The omnipotence paradox is probably one of the more well known arguments against the logical possibility of god. Homer summed it up pretty well. If a being is all powerful, that being would be able to perform action x, which would prevent any action y, but if a being is omnipotent it cannot be prevented from performing any action.

William Lane Craig has an explanation of why he thinks this is a bad argument:

The response is basically this, in case you don't like watching videos with poor sound and no actual video stream. :)

1. Theologians understand omnipotence as having the ability to do anything that is logically possible.
2. Having the ability to do things that are logically impossible is a malformed concept. It is nonsense. 
3. IF god could do the logically impossible, he could in fact eat a burrito that he made too hot to eat. This entails a logical contradiction, but given this answer god is an entity over and above logic.

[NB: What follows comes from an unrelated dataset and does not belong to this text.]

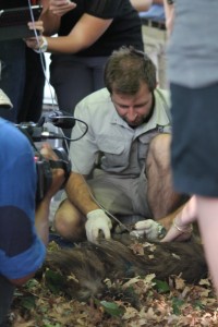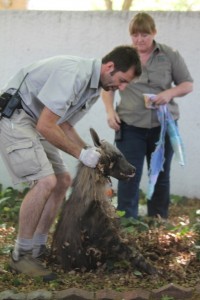 By 9am, Dr Brett Gardner a veterinarian of the Joburg Zoo, and inspectors of the Society for the Prevention of Cruelty to Animals arrived to sedate the animal. Gardner armed with a tranquilizer gun darted the animal. The effects of the sedatives took a few minutes to kick in as the animal once again made a run to the top of the road.

So let's explore this a little:

1. Maybe the term omnipotence is a problem. Maybe theologians should use a term like maxipotence, denoting maximum power. In Matthew 19:26 Jesus supposedly said:
'26 Jesus looked at them and said, “With man this is impossible, but with God all things are possible.”' NIV
So which is it?  Does the apologist's definition of all also change based on this verse to all things that are logically possible? Regardless of what they say, most everyday christians and seemingly Jesus (too bad Jesus didn't study under Craig) are mistaken. Was Jesus just exaggerating?

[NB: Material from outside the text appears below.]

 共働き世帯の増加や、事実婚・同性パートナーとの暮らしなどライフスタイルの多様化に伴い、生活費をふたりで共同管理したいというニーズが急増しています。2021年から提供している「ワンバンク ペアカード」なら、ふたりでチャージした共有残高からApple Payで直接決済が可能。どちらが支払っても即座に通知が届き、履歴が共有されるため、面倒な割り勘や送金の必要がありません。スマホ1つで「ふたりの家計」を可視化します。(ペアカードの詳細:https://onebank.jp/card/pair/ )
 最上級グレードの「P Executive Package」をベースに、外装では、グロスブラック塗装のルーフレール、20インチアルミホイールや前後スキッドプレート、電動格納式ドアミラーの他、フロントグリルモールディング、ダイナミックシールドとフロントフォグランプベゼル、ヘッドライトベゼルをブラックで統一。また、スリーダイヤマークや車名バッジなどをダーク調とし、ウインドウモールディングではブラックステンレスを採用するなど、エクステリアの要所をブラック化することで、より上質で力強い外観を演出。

2. As far as we know this is true, but there is no basis for stating that logic is universal, even to the degree that god must be subjected to it. To make such a claim is to create a god that is not functional in the absense of logic, which then seems to be some sort of concept that restricts god. Logic in this view is some sort of unbreakable natural law that not even god himself can violate. This means that god could not have been the author of logic to begin with, because that would entail an illogical state of affairs that is impossible according to theologians like Craig.

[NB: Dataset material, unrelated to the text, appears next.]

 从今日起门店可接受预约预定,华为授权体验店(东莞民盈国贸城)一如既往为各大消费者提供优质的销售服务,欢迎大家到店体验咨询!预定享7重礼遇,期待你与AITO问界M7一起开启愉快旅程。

3. There is a deep problem with this answer. It is a clever avoidance of the problem, but it has dire outcomes for theology. If god is an illogical entity then god is not knowable to human beings, and theology is a failed enterprise. It can solve so many problems in theology that god itself becomes a nonsensical concept that one must just believe in. Fans of apologetics would not find themselves comfortable here because defending the illogical is logically impossible, since no logical justifications could suffice. This kind of non-cognitivist theology is not philosophically defensible. It is a laughing stock. The fact that Craig mentions it to sound clever is telling. It seems that anything that could make an apologist seem good, even something absurd, is acceptable.

So what's the verdict of the burrito paradox?
The solutions to the omnipotence paradox as presented by apologists just effectively kicks the can down the road. It doesn't solve the problem, it just opens up a fresh new batch of problems because each explanation entails a sacrifice on the concept of god. The answers are clever and manage to make it look like there is some sort of good answer, but just beneath the surface a myriad of problems lurk. Maybe these problems are not intractable for apologists, but they warrant further discussion and certainly not quick dismissals like the one issued by Craig above.